Ries: “Democratic socialism therefore insists that we must divorce distribution [of basic human needs] from the profit motive by transferring their administration to the far more (though far from ideally) democratic and accountable institution of the state.”
– Just how much can we trust the state? Particularly right now during the Trump administration? Ries would have been on better ground saying that we must transfer responsibility for distributing those needs to society as a whole, rather than to any level, local state national or UN, of government.

Putting it to society as a whole doesn’t free us from a risk identified by Leon Trotsky in 1905, that the state usurps authority from the people, the party from the state, the central committee from the party, the politburo from the central committee and a dictator from the politburo. As a recent example, look at how Hillary Clinton stole authority from the DNC, which had stolen authority to choose the Presidential candidate from the party as a whole. – Any article about Democratic Socialism needs at least a paragraph about protecting the people’s control of the process not just from big-money ‘oligarchs’, but also from ambitious grifters like the Clintons.

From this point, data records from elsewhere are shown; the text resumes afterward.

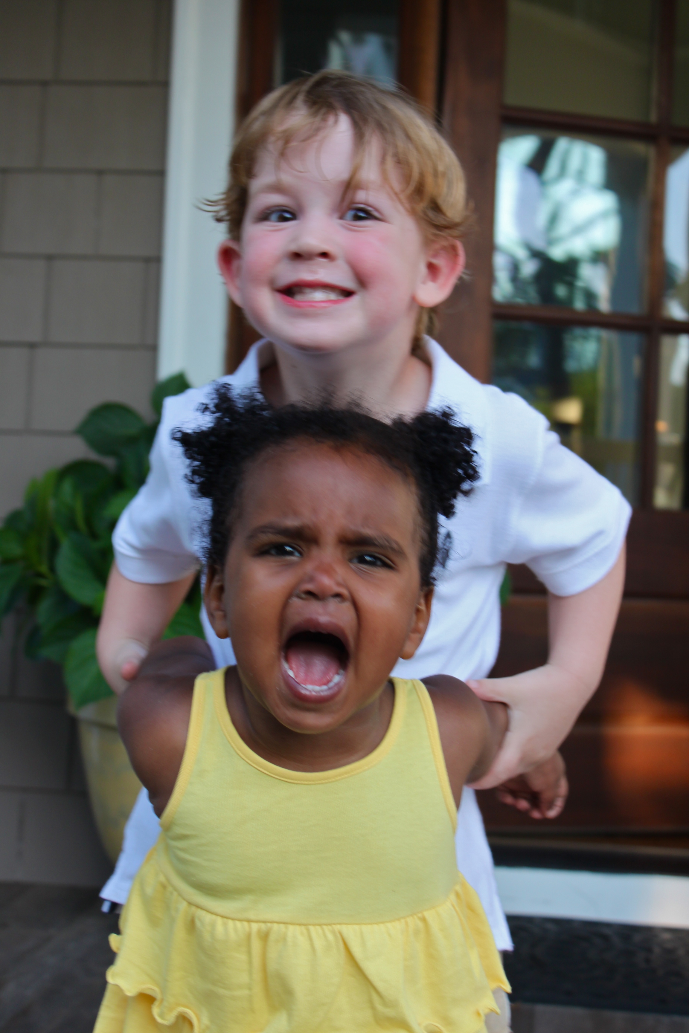 1. That first photo is my favorite. Probably because it is the most natural for brother/sister relationships. Also because while Evyn is clearly screaming for you to help her, you’re taking photos. Hilarious!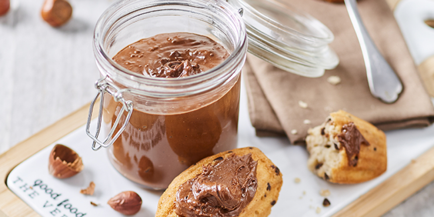 A proposer à l'heure du goûter, tartiné sur des Madeleine bio Pépites de chocolat Ker Cadélac.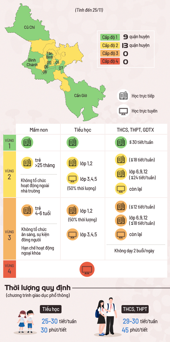 Kế hoạch mở cửa trường theo cấp độ dịch của Sở Giáo dục và Đào tạo TP HCM. Đồ họa: Tạ Lư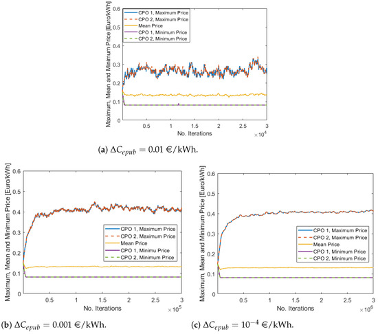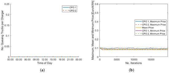 Now, it is investigated if the quasi-steady state is affected by the size of the parameter . The initial number of chargers was set to 12 for both CPOs, and the initial price for fast charging was set to EUR 0.15/kWh over the whole day for both CPOs. The price levels can be seen in Figure 6 when the value on is set according to the sub-captions in the figure. The number of iterations differs between the cases since a smaller value of requires more iterations to reach the quasi-steady state. The figure shows that the maximum price level becomes more stable with decreasing , while the lower price is unaffected. Also, one notices that the maximum price is significantly lower for when compared with and . One significant difference when comparing these three cases is that in the case with , the price difference of between the stations is high enough to make a truck prefer to queue instead of selecting the more expensive station, which puts a higher downward pressure on the prices. The conditions for this to happen are described in the following calculations.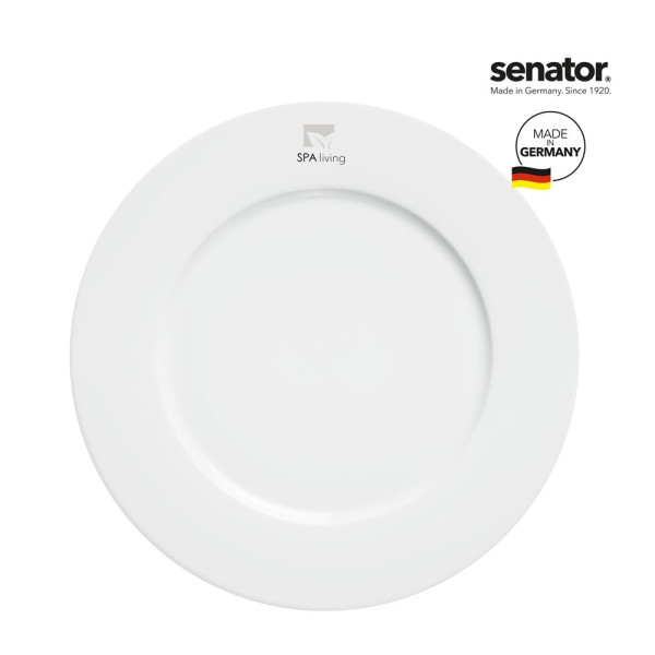senator® Fancy Speiseteller, Porzellan-Speiseteller, hochglänzend weiß, Abmessungen Durchmesser Speiseteller: ca. 263 mm - Perfekt für die Kundenbewirtung, ob im Meetingraum, Wartebereich, Bistro, Kantine u.ä.

Ries: “… how to distribute the profits that they as workers are primarily responsible for generating.”
– Another example of Ries getting economics wrong. The profits are generated by workers, using tools. Often those tools are provided by the company. Simply compare the productivity of a retail cashier today, vs. the productivity of one using the tools of 70 or more years ago. Or your own productivity using a handheld calculator now vs. having to use pencil and paper 50 years ago.
– That stated, we get into the nasty calculation of how to divide the profit between the worker, and whoever provided the tools. How much of a cut is Microsoft entitled to?

Ries: “the political imperatives of democratic socialists are necessarily twofold. First, whenever possible, to decommodify basic human needs … This looks likes like all-out support for policies like Medicare for All, a Green New Deal, tuition-free college, a federal jobs guarantee, social housing, paid family leave, and universal childcare and pre-K.”
– I am uneasy with his list. First, are things like ‘tuition-free college’ really a basic human need? There are many jobs that need doing, and pay or should pay well, that don’t require a college education. (And we are overlooking the failure of the state to provide a quality primary and secondary education…) Secondly, so many of these things are European Bismarckian welfare schemes, to pervert socialism and make the people dependent on the state. And they provide more opportunities to grifters to seek to capture the state and make money for themselves in ‘administering’ the welfare state. So many things should be organized by the people themselves and done at the lowest societal level possible.

I believe I could write more, but this is enough. We should take caution of the ‘Iron Law of Oligarchy’ (different meaning of oligarchy than usually seen here). I agree with sea_nettles, keep your eye on the socialists; there is a risk they will betray you.